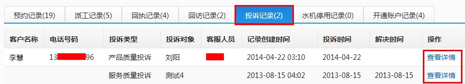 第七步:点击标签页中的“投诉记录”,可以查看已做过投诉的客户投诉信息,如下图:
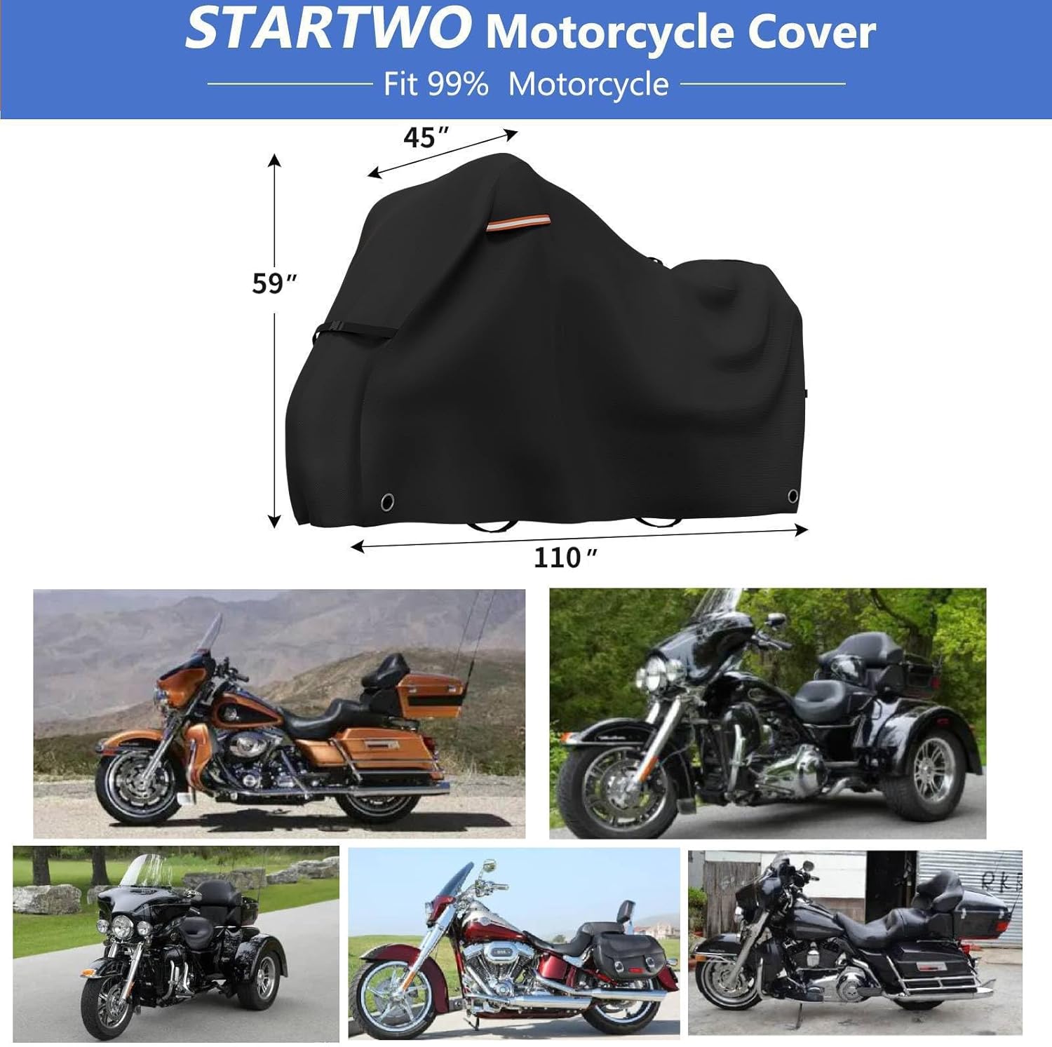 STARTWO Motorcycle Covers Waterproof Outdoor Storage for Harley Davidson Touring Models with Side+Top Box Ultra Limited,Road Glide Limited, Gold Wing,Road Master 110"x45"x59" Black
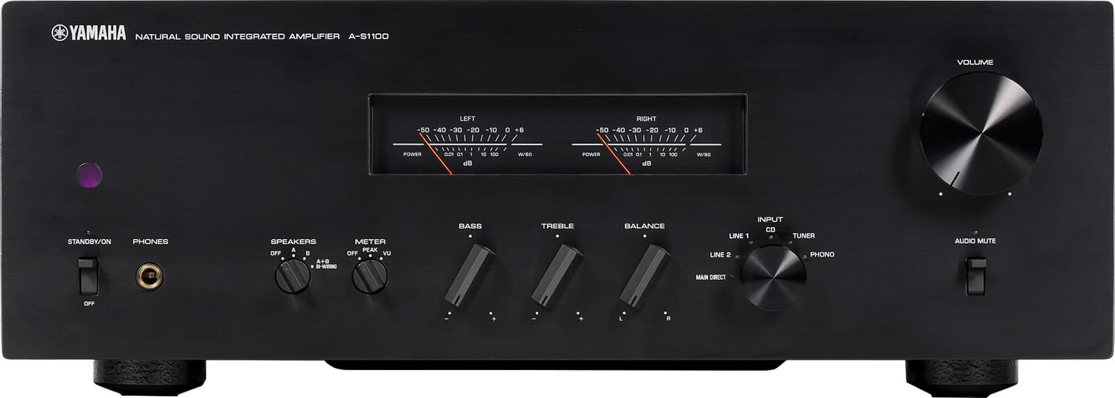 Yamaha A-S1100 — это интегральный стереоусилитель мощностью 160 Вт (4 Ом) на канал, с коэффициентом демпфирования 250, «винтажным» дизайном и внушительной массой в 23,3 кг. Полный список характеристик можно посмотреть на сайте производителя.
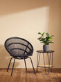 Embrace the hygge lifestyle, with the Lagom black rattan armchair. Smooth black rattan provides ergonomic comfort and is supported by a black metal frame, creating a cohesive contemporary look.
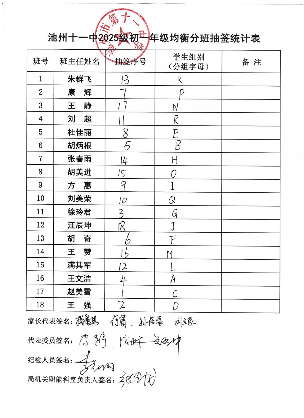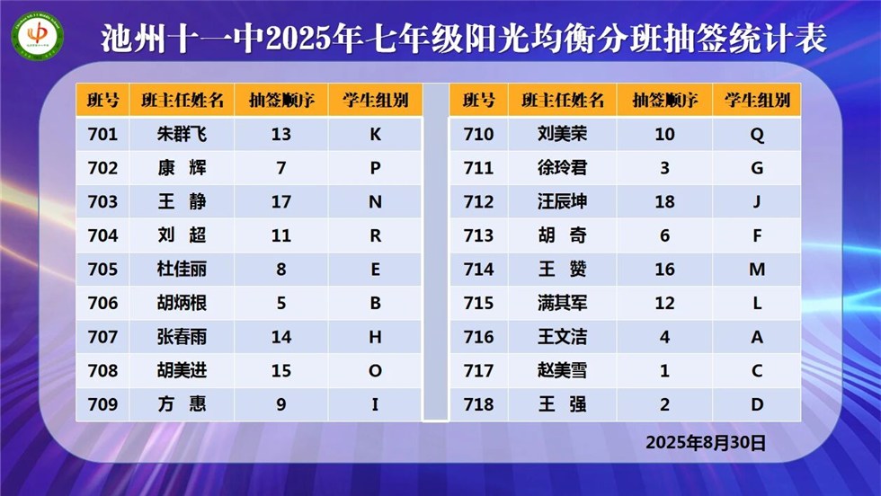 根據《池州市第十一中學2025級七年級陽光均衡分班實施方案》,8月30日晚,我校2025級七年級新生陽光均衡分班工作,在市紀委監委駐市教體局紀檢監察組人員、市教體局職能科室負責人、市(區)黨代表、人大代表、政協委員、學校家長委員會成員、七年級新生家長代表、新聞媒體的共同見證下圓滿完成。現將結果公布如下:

:: Problem requirements ::
Can you restate all the records above word for word while dropping the pictures?

:: Answer space ::
 第七步:点击标签页中的“投诉记录”,可以查看已做过投诉的客户投诉信息,如下图:
 STARTWO Motorcycle Covers Waterproof Outdoor Storage for Harley Davidson Touring Models with Side+Top Box Ultra Limited,Road Glide Limited, Gold Wing,Road Master 110"x45"x59" Black
 Yamaha A-S1100 — это интегральный стереоусилитель мощностью 160 Вт (4 Ом) на канал, с коэффициентом демпфирования 250, «винтажным» дизайном и внушительной массой в 23,3 кг. Полный список характеристик можно посмотреть на сайте производителя.
 Embrace the hygge lifestyle, with the Lagom black rattan armchair. Smooth black rattan provides ergonomic comfort and is supported by a black metal frame, creating a cohesive contemporary look.
 根據《池州市第十一中學2025級七年級陽光均衡分班實施方案》,8月30日晚,我校2025級七年級新生陽光均衡分班工作,在市紀委監委駐市教體局紀檢監察組人員、市教體局職能科室負責人、市(區)黨代表、人大代表、政協委員、學校家長委員會成員、七年級新生家長代表、新聞媒體的共同見證下圓滿完成。現將結果公布如下:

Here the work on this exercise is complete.